STEM Symposium: 3 Visions for the Future of STEM Learning

Education leaders all across the country are searching for innovative strategies for building a solid STEM foundation. Earlier this year, Discovery Education brought several leaders to Pensacola, FL, for a peek behind the scenes at Santa Rosa County Public Schools, where a powerful STEM vision is beginning to blossom.

During the event, we spoke with three attendees to gather their insights into some of the burning questions around STEM and the future of learning:

  • Chris Marczak, superintendent of Maury County Public Schools, TN
  • Erin Tracy, educator, Santa Rosa Public Schools, FL
  • Tina Garrett, STEM coordinator, Garland Independent School District, TX

Q: What do you think is driving all the interest in STEM?

CHRIS MARCZAK: The way I see STEM, it’s the next revolution in education. I call it deconstructing No Child Left Behind. We’re getting away from compartmentalizing education, and bringing it to a holistic look of how kids should be educated, so they have the skills they need to carry that forth into the world. I don’t read from 10-11 in the morning; I don’t do math from 1:45-2:45. I do literacy and math all day long. So why should our kids have experiences that are any different from that?

TINA GARRETT: Texas is number two in the nation with the projection of STEM jobs. We have about 800,000 STEM jobs projected by 2018. We are in 2017. We have to change the way we do business in order for our students to have the skills to get those jobs. We’re almost in crisis mode. What will we do differently to ensure our students get those jobs?

ERIN TRACY: I think sometimes people get the idea that STEM is going to be taught in isolation. But it is not “in addition to,” it can be interwoven into other activities. Teachers are going to provide this seamless experience — like a science and art opportunity. Just providing a collaborative opportunity where kids can think critically or creatively, that’s STEM too. It doesn’t have to be “I’m going to do a technology, science, math, and art lesson.” That’s a lot of pressure! But once educators see what it really is and discover how they can slot it in, it becomes more natural, and students really appreciate these opportunities.

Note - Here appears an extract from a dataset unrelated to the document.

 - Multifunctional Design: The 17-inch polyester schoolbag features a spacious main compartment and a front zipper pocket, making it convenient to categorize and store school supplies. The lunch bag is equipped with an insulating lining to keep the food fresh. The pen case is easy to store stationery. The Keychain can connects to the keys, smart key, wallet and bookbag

Q: What does a STEM Classroom Look Like?

CHRIS MARCZAK: If I were to peek into a STEM classroom, I wouldn’t see things I normally see in education. You won’t see rows or a teacher in the front of a room lecturing. You’re going to see kids engaged in collaborative work, you’re going to see the teacher floating around the room more as a facilitator than a teacher of information. Kids will be learning things that have applicability to real life, not just completing a worksheet or answering questions out of the back of a book.

TINA GARRETT: STEM is messy. STEM is loud. STEM is chaotic. But it’s so exciting and engaging to see. It’s not the “sit-and-get” learning that you and I had. It’s about doing. Students are creating, researching, tapping into digital assets to truly build their understanding. STEM is taking learning to new heights. It’s not about, “Hey I learned this, now let me take a test.” It’s about performance tests. What can I create, share, present in a new way.

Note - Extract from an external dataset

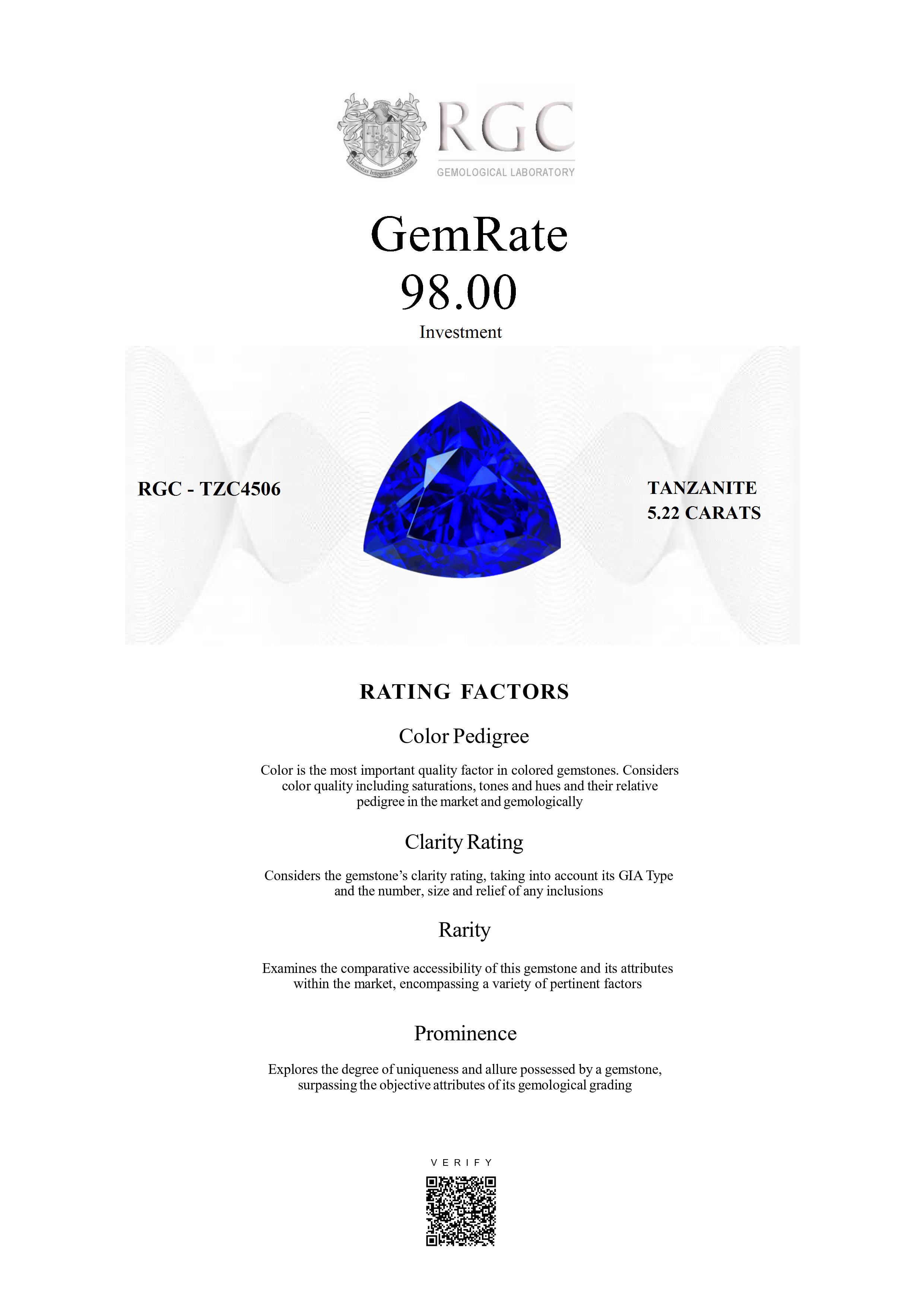 The RGC GemRate is a revolutionary system that addresses the importance and difficulty of comparing different colored gemstones with their peers in the marketplace. It assesses a wide variety of factors that exist in the marketplace and gemologically to classify gems in their genre using a standardized rating system. These factors are myriad but include quantifiable factors like color grade, clarity and cut, rarity factors examining relative rarity and also qualitative factors such as prominence, which examines the degree to which a gemstone stands out and captivates beyond just its measurable quality traits. It's essentially the stone's ability to catch attention and distinguish itself from others.

ERIN TRACY: You will find kids involved in real-world learning experiences. It’s very process oriented and students really move around, and you will hear them actively engaged in the lesson. It will be standards-based, they will be involved in their learning. STEM classrooms look different, but powerful learning is still taking place.

Q: What would you advise other educators hoping to dive into STEM?

CHRIS MARCZAK: We found the best way to build STEM culture is to support the teachers and staff that we are tasking with actually doing the work. At the end of the day, teachers are our most critical elements to success in the classroom — the principal comes in second. So, we communicate as much as we possibly can, we provide as much support as we can, and when the short term wins come in, we celebrate them publicly. We put them on a pedestal, and we tell others in the district — look what these teachers did. You can do it too, and here are the opportunities for you to do that.

TINA GARRETT: STEM teachers should be immersed in the learning, just as we immerse students in hands-on, minds-on learning. We want teachers and principals to be involved, so we put them through engineering challenges, robotics challenges, curriculum challenges. We immerse them in the opportunity to learn in a STEM environment.

ERIN TRACY: The most important thing about beginning is establishing a routine in your classroom. Letting the kids know what their role is in the STEAM classroom. Students are going to have to take some initiatives for their own learning, look to their classmates and collaborate with them. Take some chances, problem-solve on their own, work through some challenges. Once you establish some routines and get the kids to understand what STEAM is, and you have some basic tools and strategies established, then your classroom should be a place where STEAM can start to get rolling.